I thought Savage’s points about patients needing to be partners with their physicians were fair at the time and I still do; maybe a mandate of one single patient is too low. Is 5 percent really an unachievable number? And keep in mind that with the release of the meaningful use rules last fall, the VDT threshold actually did increase to 10 percent for Stage 3. Now, with the revised proposals, CMS is not asking providers to go that high, or even close to it.   

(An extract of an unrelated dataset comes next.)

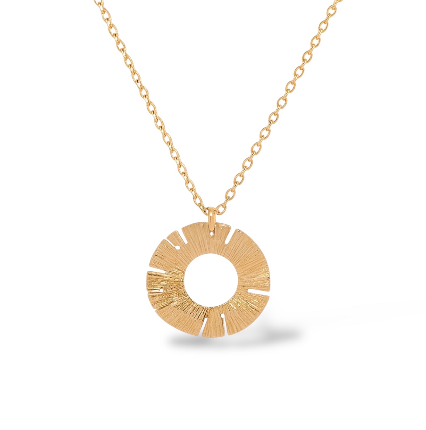 Ce collier en plaqué or 18 carats séduit par son design graphique et lumineux, pensé comme un véritable symbole de rayonnement et d’énergie. Son pendentif circulaire, finement strié et ajouré, évoque un soleil stylisé dont les lignes texturées captent la lumière à chaque mouvement.

Our Senior Contributing Editor David Raths again caught up with Savage after these new proposals, and he had many of the same thoughts: “Dropping the threshold to one patient for online access just doesn’t seem right. It is the wrong signal to send to patients and families, and it sends the wrong signal to providers.  That undermines the commitment to making patients and families true and equal partners. We need to send a better signal,” he said.

He further noted, “In this NPRM, I didn’t see any mention of consulting with patients or patient organizations that were asking for these changes. The Consumer Partnership for eHealth has been providing lots of resources and thinking that have made their way into regulation, so if we were asked, perhaps there are ways that we could be helping with some of the issues that CMS sees now, so they are not just hearing from hospitals saying this isn’t working. They could hear form patient organizations about how to make it work.”

Savage said that that the proposed rule suggests that CMS is certainly listening and responding to complaints from hospitals. In the NPRM, CMS has confirmed that’s indeed the case. And that’s how it should be—providers in the trenches should be the ones who have the greatest say in these rules.

It does seem however, that now, patient advocates like Savage might be losing the patient engagement battle, at least in the short term. I’m hoping that in the big picture, due to the way that the “new” healthcare is taking form, providers do realize how important it is to make patients a bigger part of their care—even if there’s not a box to check telling them to do so.